5. How does Gilkey explain the concept of creation out of nothing (creatio ex nihilo)? Does this religious idea conflict with science? Why or why not?

6. Is the idea of creation the same as the claim that the world had a beginning sometime in the distant past? If the idea of creation is not about the beginning of the world, what is it about?

II. Stories of Origin in Physics

7. Describe the Hot Big Bang Model and outline the evidence for it.

8. What are the four fundamental interactions of physics? Give examples of their relevance to Big Bang cosmology.

9. Describe what is meant by the following types of universes: closed, open, critical. Which best describes our universe?

10. What is the Doppler effect? Give an example. Explain "redshifts," and describe how emission spectra and the Doppler effect are relevant to cosmology.

11. What is the cosmic microwave background radiation, and how is it relevant to physical cosmology?

12. In physical cosmology, what is meant by inflation and why is it introduced into the Big Bang model?

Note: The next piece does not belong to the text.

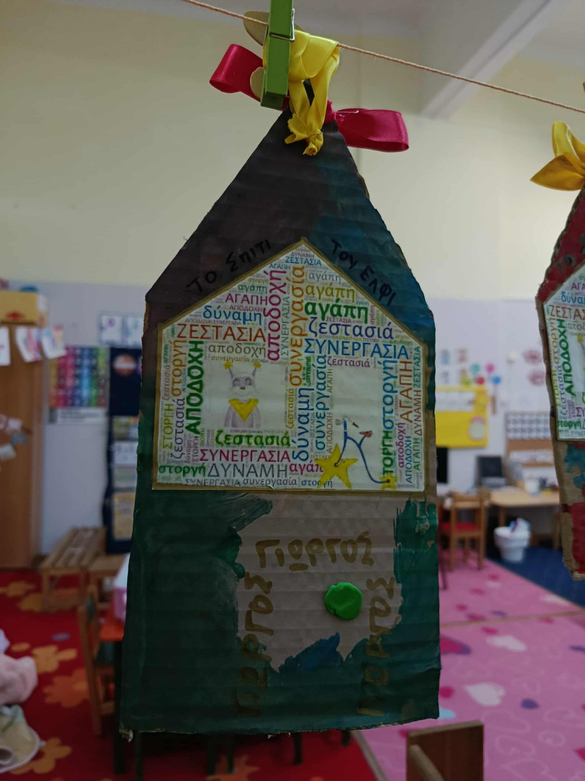 Μετά την επιτυχημένη παρουσίαση των προσωπικών τους φωτογραφιών, οι οποίες ζωντάνεψαν αγαπημένες γωνιές και δραστηριότητες, τα παιδιά εμπνεύστηκαν την ιδέα να δημιουργήσουν ένα δικό τους τραγούδι, αφιερωμένο στην οικογένειά τους. Η διαδικασία ξεκίνησε συλλογικά, με τα παιδιά να εκφράζουν ελεύθερα τις σκέψεις και τα συναισθήματά τους για τους δικούς τους ανθρώπους. Οι ιδέες αυτές ηχογραφήθηκαν, καταγράφηκαν, και στη συνέχεια, με την καθοδήγηση της εκπαιδευτικού, η ομάδα εργάστηκε συνεργατικά για να ταιριάξει τις λέξεις και τις προτάσεις, δομώντας τους στίχους ώστε να αποκτήσουν ρυθμό και νόημα, μετατρέποντας τις αυθόρμητες εκφράσεις σε ένα ολοκληρωμένο ποιητικό κείμενο.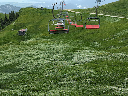 Sehr gemütlicher Sessellift (habe letztes Mal runter mit unserem 4-Jährigen den Lift geschlagen 😄). Nur ein Wehrmutstropfen, mit zwei Kids und Gepäck wärs schön wenn der Lift beim aussteigen etwas gebremst hätte, so hats die Mama über die Plattform hinaus geschoben. Da er das zumindest bei den uns nachfolgenden Familien getan hat, ok... Eine Anmerkung noch zum Juwelenweg: teils schön und kreativ gemachte Stationen, wegen mir dürften es aber gerne noch ein paar mehr werden da sehr große Abstände zwischendrin. Auch teilweise echt toll gedacht aber für die Kids vielfach zu hoch, so dass sie selber nicht hinkommen um Knöpfe zu drücken oder die farbigen Stecken bei einer der letzten Station zu bedienen, was etwas schade ist. Teils auch sehr schwierige und nicht unbedingt kindgerechte Fragen. Vielleicht könnt ihr das bei den weiteren Stationen noch etwas mehr im Hinterkopf behalten? Und gerne noch ein oder zwei Bänke an einem schattigen Plätzchen aufstellen, an heißen Tagen wie heute waren die vorhandenen leider nicht sehr gefragt, obwohl viele gerne eine Pause gemacht hätten auf einer...

13. Explain the cosmological importance of the COBE satellite: what does it measure, and why is it significant?

14. What is the Wilkinson Microwave Anisotropy Probe and what does it measure? Describe its significance for the the standard cosmological model.

15. What is dark matter and what is its significance?

16. Describe what the most abundant elements in the universe are.

III. Synthesis

17. Do the Big Bang cosmological model and biblical stories of creation have any relevance to each other? How might proponents of each of Haught's four ways of relating religion and science answer this question?